In cells, HDAC1/2 can engage different ELM2-SANT domain proteins to assemble into distinct repressor complexes. In addition to CoREST, UM171 induces some degradation of MIER2, but seemingly not of the NuRD complex containing MTA124. Notably, CoREST and MIER2 are degraded to a greater extent than the direct interactor HDAC1/2, suggesting that in the context of these large multi-subunit complexes HDAC1/2 is less accessible for ubiquitination. Our structures provide opportunity to model the different repressor complexes to gain potential insights into the neomorphic substrate specificity. Modelling of MTA151 predicts a steric clash between its BAH domain and KBTBD4 that may preclude its binding (Supplementary Fig. 5). Steric constraints also predict that the KBTBD4 dimer can accommodate only one HDAC1/2-CoREST pair, as observed in our 2:1:1 complex.

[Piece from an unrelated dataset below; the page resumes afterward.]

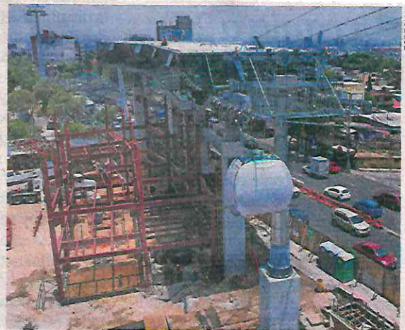
La instalación de los cables ya concluyó y las cabinas han comenzado a ser colocadas.

“Suman 5 mil 725 metros cuadrados de nueva creación de área verde al interior del bosque en diferentes áreas, y una rehabilitación de 2 mil 852 metros cuadrados en diferentes áreas verdes”. ●

In support of our HDAC2-CoREST model, parallel but complementary approaches using HDAC1-CoREST have yielded mutant and UM171-dependent KBTBD4 complexes with a conserved 2:1:1 structural arrangement52,53. An interesting feature of these structures was the inclusion of inositol hexakisphosphate (InsP6), a known HDAC1/2 cofactor. InsP6 binding stabilised the HDAC1-CoREST interface as expected, but also formed a second molecular glue interaction with KBTBD4 to enhance the ternary complex affinity, as we have also observed in our MST assay (Supplementary Fig. 13).

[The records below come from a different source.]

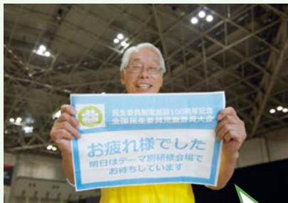
最後の一人が帰るまで、お見送りをさせていただきました。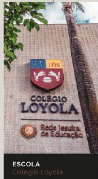
ESCOLA Colégio Loyola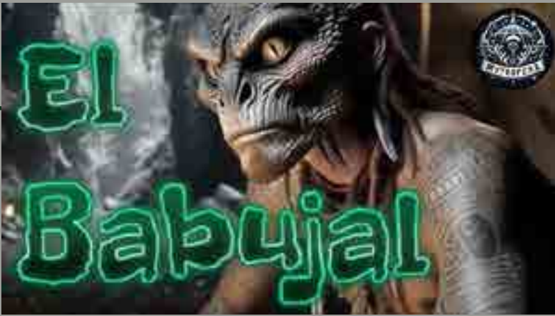
El Güije, el Babujal y la Madre de Aguas son, en realidad, páginas muy ilustrativas de una literatura oral que sigue tragándose el tiempo para regalarnos moralejas... y muchos sustos.

Muchas personas creen que este ser es real y, para protegerse, se hacen tatuajes religiosos o portan amuletos de oro, plata, hueso o conchas.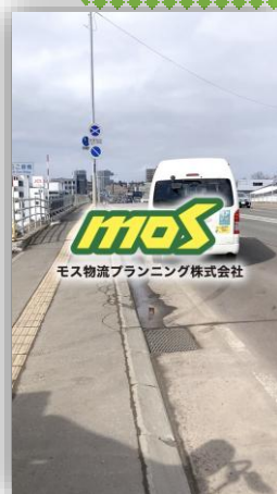
モス物流プランニング株式会社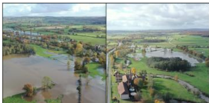
Prise de vue le 15/11/2023 à 14h21 à gauche, et à 14h13 à droite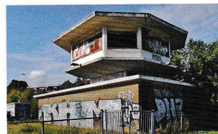
seinhuis in Nijmegen.

op hun beurt overbodig geworden. Deze seinhuizen hebben een veel zakelijker uitstraling, waardoor sloop minder weerstand oproept. Toch blijven het typische gebouwtjes, kenmerkend voor een bepaalde functie in een bepaalde tijd. De CVL-posten markeren de overgang van de klassieke naar de geautomatiseerde beveiliging. Door hun functie zijn het opvallende gebouwtjes, in een stijl die typerend is voor de wederopbouw en de jaren 1960.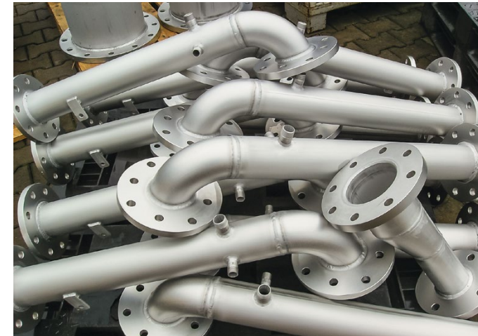
Formstückfertigung DN 100 bis DN 1000 Edelstahl

To date, only a small number of E3s have been shown to engage a molecular glue. KBTBD4 expands this E3 repertoire to the CRL3 family and may offer a distinct interaction surface for target substrates less compatible with previously reported E3s. The exquisite mimicry between UM171 and KBTBD4R313PRR raises the intriguing prospect that mutations could help to identify other exploitable E3-target interfaces and inspire the discovery of further molecular glues. While only a few mechanistic studies exist14,54, a recent proteome-wide screen of cancer mutants has revealed that neomorphic E3 interactions may be relatively prevalent3. Understanding these mechanisms will inform cancer biology, as well as help to define other E3-neo-substrate interfaces that may be hijacked by small molecules. Learning from UM171 and KBTBD4, future molecular glue discovery can potentially be accelerated by prioritising E3 ligases selected by nature, or by wider genetic screens.
Methods
Plasmid construction
FLAG-KBTBD4WT (17-534 a.a., Uniprot Q9NVX7-2) and FLAG-KBTBD4R313PRR (17-536 a.a., cancer indel mutation introduced by site-directed mutagenesis) were subcloned into a pcNDA3.1 (+) vector with the 3xFLAG epitope tagged to its N-terminus using standard restriction enzyme cloning14. The Kelch domain of KBTBD4R313PRR (237-536 a.a.) was amplified by PCR from the full-length mutant construct and subcloned into a pcDNA3.1(+) vector with the 3xFLAG epitope tagged to its N-terminus using standard restriction enzyme cloning. Monomeric KBTBD4R313PRR was generated by introducing mutations H42A, V46D, I50T, L53E, F60S, L77K and A81E and cloned into the pCMV-3Tag-1A vector using the custom gene synthesis service provided by GenScript.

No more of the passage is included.